Crimson King Maple Tree Seeds
If you own maple trees you’re sure to have noticed, even cursed, the “helicopter” seeds. They fall all over threatening to grow a tree every where they land… as if we didn’t have enough to weed.
I’ve walked by our Crimson King Maple Tree thousands of times without ever noticing a hint of seed or seedling. It wasn’t until last year, when I started learning about tree and shrub propagation, that I started looking more closely at our majestic deep red Crimson King.
Its a beautiful maple tree, soaring 40 feet in the air, filling the sky with gorgeous crimson leaves. Crimson Kings have been wildly popular in cities because of their tolerance to pollution, so its not hard to find one. Some people in the gardening forums dislike the Crimsons because of their darker color, and because they are full and draw a lot of dense shade, making it difficult to grow anything underneath. I agree, it’s important to plant it in the right spot, usually away from the house… but we have one right in front, and every year its gorgeous.
Last autumn, I went hunting to collect seeds and came up dry and disappointed. Maybe it wasn’t the right time. Maybe this tree doesn’t make many seeds. Maybe they were all eaten up by the squirrels.

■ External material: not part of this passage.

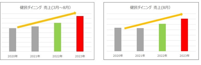 ●「健民ダイニング」は、2020年にスタートしたテイクアウトの需要が新型コロナの5類移行後も落ち込むことがなかったこと、客単価アップと来店客数の回復から、売上が好調です。
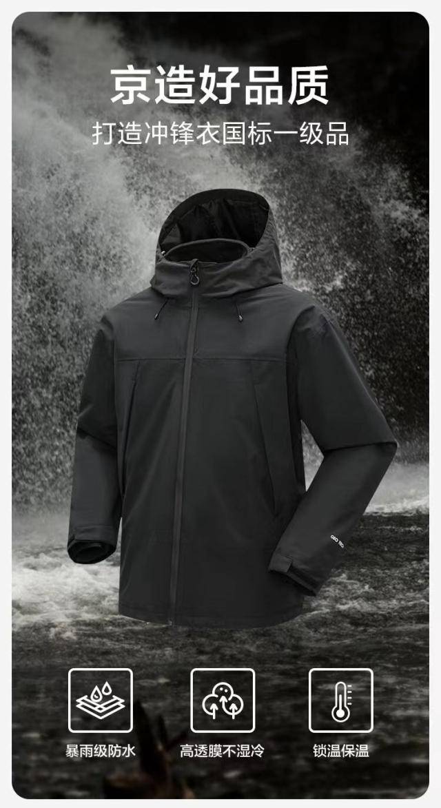 为满足“山系青年”的全场景户外需求,京东京造 “穿山甲三合一冲锋衣”采用德国ISPO获奖科技面料GEO TECH,防风、防水、透湿、耐磨等性能卓越,各项指数高于冲锋衣国标一级品标准,不仅功能全面,还可一衣三穿,满足“全季节”户外运动需求。

This week was the third time I went out to the tree, looking for buds, wondering when new growth would come, when I noticed something bright green standing out from the grass. It only took a moment to figure out what it was, and when I looked around, I was delighted to find hundreds of little seedlings sprouting up… ALL over the front yard. I must have mowed these little gems down year after year without even a thought. I love these little surprises and was so pleased with my ‘gift’. No seed collecting or storage. No stratification, germination or any other shuns to mess with. They just grew.

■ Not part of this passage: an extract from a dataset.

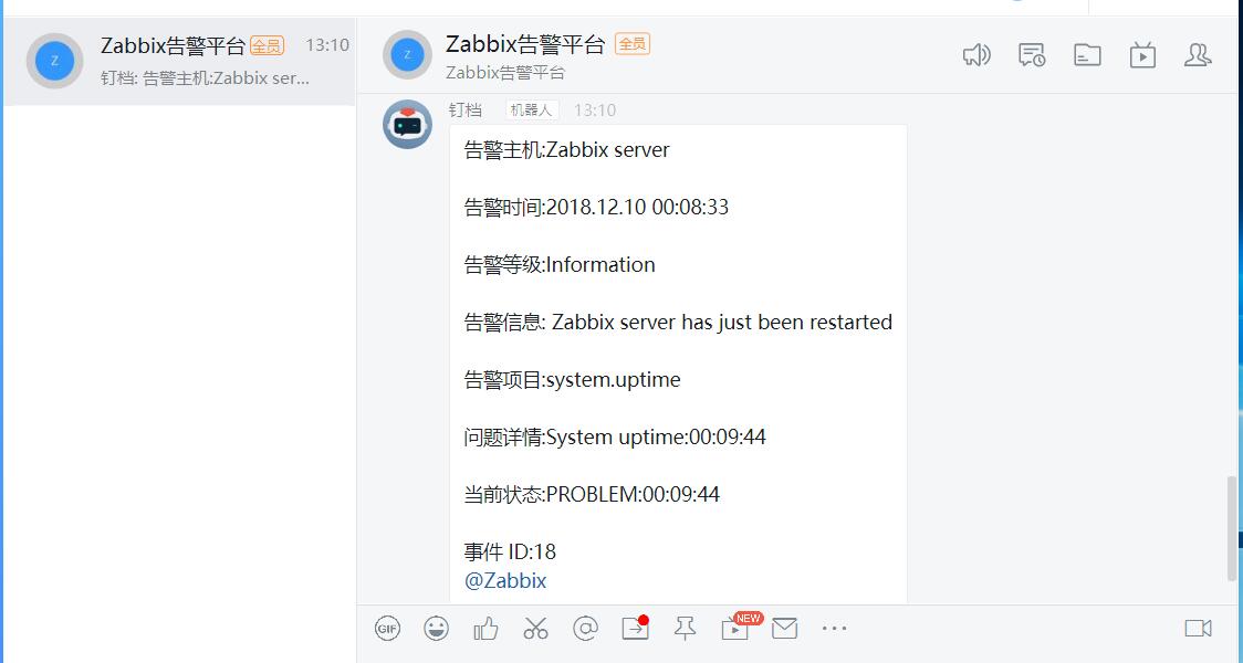 信息改为: 告警主机:{HOSTNAME1} 告警地址:{HOST.IP} 告警时间:{EVENT.DATE} {EVENT.TIME} 告警等级:{TRIGGER.SEVERITY} 告警信息: {TRIGGER.NAME} 告警项目:{TRIGGER.KEY1} 问题详情:{ITEM.NAME}:{ITEM.VALUE} 当前状态:{TRIGGER.STATUS}:{ITEM.VALUE1} 事件 ID:{EVENT.ID}

I figure I better grab them before they’re so big I’m leaving craters. So there I am, digging in the middle of the front yard, neighbors questioning. I hadn’t even gotten a quarter of the way around the maple tree before I collected 98 of these little seedlings. They lift pretty easily but its a careful process as the roots are tender.

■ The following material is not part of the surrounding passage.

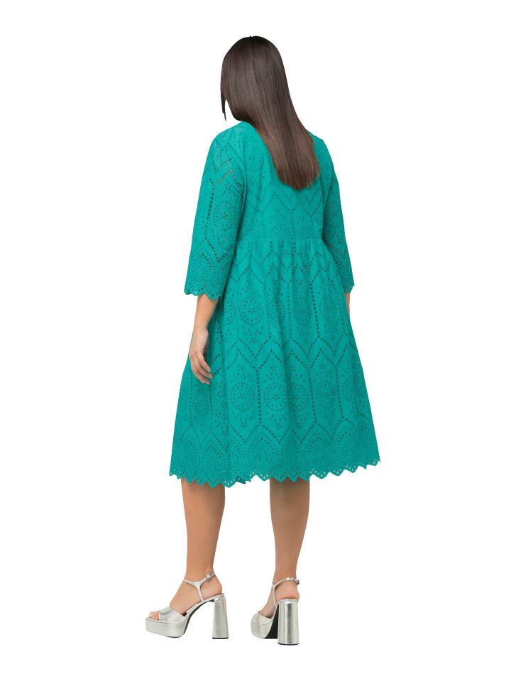 Платье миди А-силуэта с тонким кружевом. Вырез-туника, расклешенный низ, рукава 3/4. Нижнее белье из непрозрачного трикотажа, без рукавов. Внешний материал: 100 % хлопок. Подкладка: 100 % хлопок.

I found a deep container, drilled some extra drainage holes near the bottom and planted them in 3″ apart. Works for now. If I were to collect them all, I’d have almost 400 new Crimson King Seedlings! Good thing we have a big yard.
I’ve read that Crimson King’s may not always come true from seed, that the leaves might have a muddy reddish green color if not propagated by grafting. Time will tell.